Towards this goal, we first estimated the cellular relative abundances of bacterial species across these datasets and found that our reference database could account for between 30-60% of the species abundance in most gut communities (Figure 3a). This finding is consistent with a previous report [7] and indicates that a large proportion of bacterial genomes in the human gut have a sequenced representative at the species level. Strikingly, gut microbiomes of subjects from Tanzania and Peru have higher levels of novel species with no sequenced representative in our database, revealing strong bias of genome sequencing to date towards species associated with hosts in the northern hemisphere. This finding is supported by previous work, which found elevated levels of novel genera [36] and functions [34] in the gut microbiome of hunter-gatherers. In contrast to species, strains in human metagenomes are not well represented by sequenced genomes. We found that on average only 8% of strain-level phylogenetic diversity was shared with reference genomes, indicating that even for known, prevalent gut species there remains a tremendous amount of strain-level diversity in the human population that has not yet been captured by genome sequencing projects (Figure S5 and Methods).
We next performed principal component analysis on species relative abundances, and found that the variation between gut communities along the first three principal components (PCs) is primarily driven by the relative abundance of Prevotella copri, Bacteroides vulgatus, and Blautia wexerlae/Ruminococcus bromii (Figure S6), which is consistent with the genera that have been linked to enterotypes [37]. However, we found that the samples are distributed continuously along the first three PCs; we did not observe clear clusters in the data. Interestingly, we found that the samples from different host countries are distributed differently along the first three PCs, indicating that individuals from different parts of the world carry different bacterial species in their gut. For example, along PC1 samples from Peru and Tanzania with high levels of Prevotella copri clustered together, while along PC2 samples from the United States and China with high levels of Bacteroides vulgatus clustered together. This finding is supported by previous work, which found that the relative abundance of Prevotella copri could discriminate western and non-western individuals [38]. Despite this taxonomic variation, we were able to able to identify a set of 100 bacterial species with high prevalence (>0.001 relative abundance) across the human population (Figure 3b).

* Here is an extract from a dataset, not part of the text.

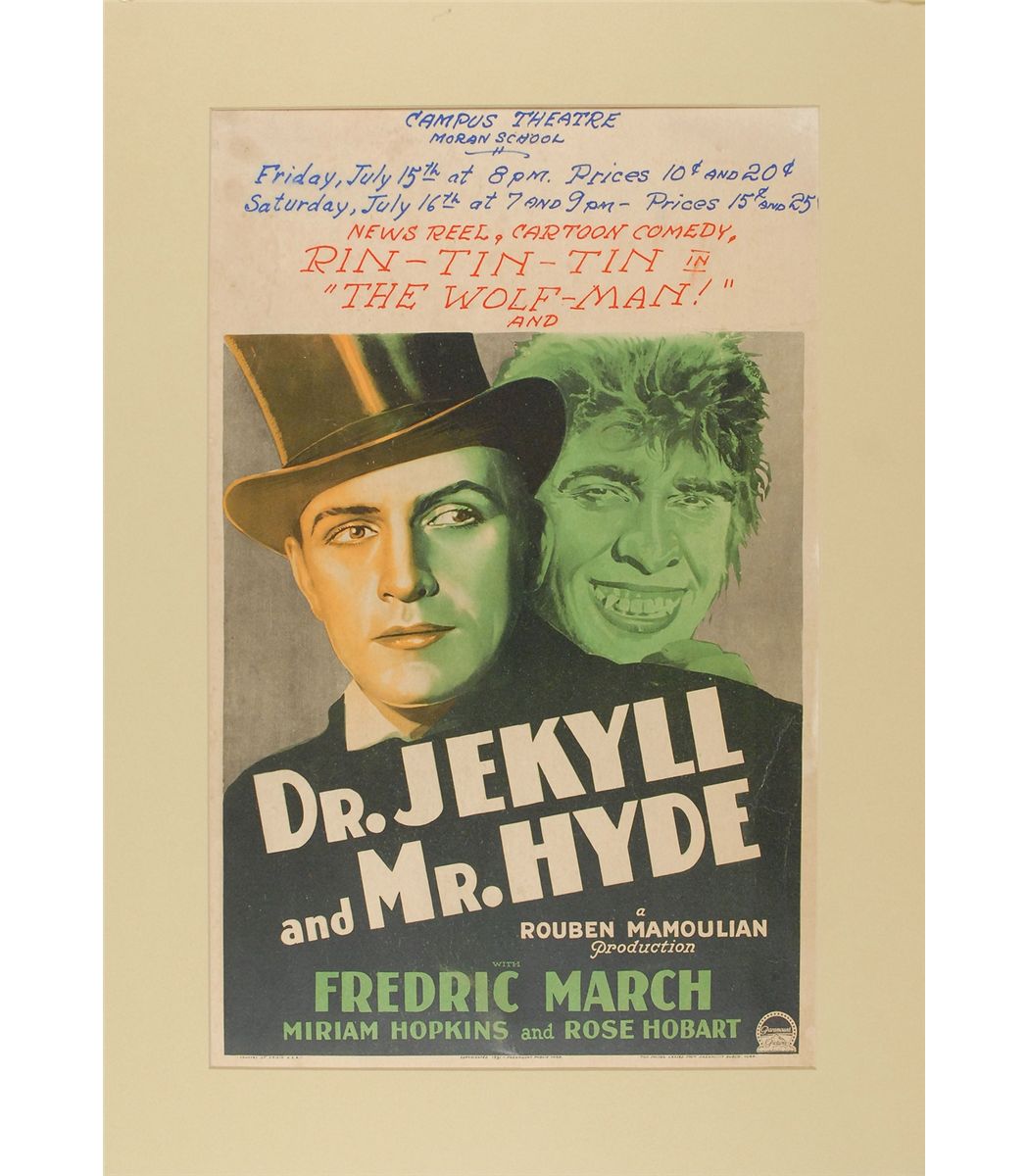 (Paramount, 1931) Exceedingly rare color 14 x 22 window card for the classic 1931 film Dr. Jekyll and Mr. Hyde, directed by Rouben Mamoulian and starring Fredric March. This is perhaps the most appealing poster created for the film, with a vibrantly colored image portraying the menacing duality of the title character. The upper imprint area is filled out in ink with information for the showing, reading: “Campus Theatre / Moran School / Friday, July 15th at 8pm. Prices 10¢ and 20¢ / Saturday, July 16th at 7 and 9 pm—Prices 15¢ and 25¢ / News Reel, Cartoon Comedy, / Rin-Tin-Tin in / ‘The Wolf-Man!’ and [Dr. Jekyll and Mr. Hyde].” The copyright notice in the lower border reads: “‘Country of Origin U.S.A.’ Copyrighted 1931—Paramount Publix Corp. This poster leased from Paramount Publix Corp.” Matted to an overall size of 18.75 x 26.75, with a mat opening of 13.75 x 21.75. In very fine condition. This film is still considered one of the best versions of the oft-adapted Robert Louis Stevenson tale of the man whose potion turns him from a mild-mannered man of science into a homicidal maniac. Frederic March’s terrific performance garnered immense critical acclaim, and for this role he earned his first Academy Award. A paramount piece from the horror genre.

Strain level heterogeneity in the gut is greater between hosts than within hosts
To quantify strain-level heterogeneity within and between individual hosts, we used PhyloCNV to identify single-nucleotide variants found in the core genomes of these 100 prevalent gut species across individuals (Methods). Both types of population heterogeneity have been reported in the literature for human gut communities [11-14, 16], but the relative magnitude of each is unknown to our knowledge. To address this question, we estimated nucleotide diversity (π) in the core genome (i.e. genomic regions present in all strains) of each species both within and between individuals, where π is defined as the average pairwise nucleotide difference between two genomes sampled from a population of cells (Methods). Based on this analysis, we found that on average there is 8.5x (range=0.9x to 28.4x) more nucleotide diversity for a species across different individuals than within an individual (Figure 4a). In other words, strains sampled from two different individuals tend to be more diverged than two strains sampled from the same individual. This general trend was common across all the species we examined in each of the different host populations and did not appear to be affected by low sequencing depth in certain samples (Figure S7).
A) We estimated the intra-sample and inter-sample nucleotide diversity for each prevalent species. Distributions of intra-sample diversity are shown in boxplots. The inter-sample diversity of each species is indicated in red. On average there is 8.5x more strain-level diversity between samples than within samples. For display purposes, only the top 25 most prevalent species are shown. B) Minor allele frequency (MAF) distributions for two selected species: Faecalibacterium prausnitzii and Ruminococcus bromii. Nucleotide diversity is indicated on the right. Samples 1-15 indicate intra-sample MAF distributions for 15 randomly selected samples for each species. ‘Between samples’ indicates minor allele frequencies estimated across samples. C) Distributions of intra-sample nucleotide diversity for Faecalibacterium prausnitzii and Ruminococcus bromii across host populations.
Despite this overall trend, we found that intra-sample strain-level heterogeneity varied by 25x across gut species (range=4×10−4 to 1.1×10−2). For example, Ruminococcus bromii had consistently low intra-sample diversity (median π=6.4×10−4), whereas Prevotella copri and Faecalibacterium prauznizii had very high levels of diversity (median π>4.5×10−3), indicating the presence of multiple strains per host (Figure 4b). Interestingly, we found only a weak correlation between intra-sample and inter-sample π (R2=0.14, p=1×10−4), as well as a number of species, like Ruminococcus bromii, with high diversity across the human population but low diversity within individuals. One possible explanation for these results is competitive exclusion between diverse strains during colonization, which has been observed in vivo for Bacteroides fragilis [39]. Supporting this hypothesis, we found extremely low intra-sample diversity for Bacteroides fragilis (median π=6.2×10−4) and several other Bacteroides species.
Next, we asked whether intra-sample strain-level heterogeneity varied systematically between host countries. Previous work has shown elevated species-level diversity in individuals living rural lifestyles in South America and Africa [35, 36, 38], but it is not clear whether these findings extend to the strain-level. To address this, we compared the distributions of intra-sample π for each species between host countries and found significant differences for 39% of species tested (Kruskal-Wallis q-value < 0.01). In particular, there was a trend towards increased intra-sample π in individuals from Peru and Tanzania, including Ruminococcus bromii and Facecalbacterium prauznizii (Figure 4c), indicating that host geography and/or lifestyle may influence strain-level diversity in individuals.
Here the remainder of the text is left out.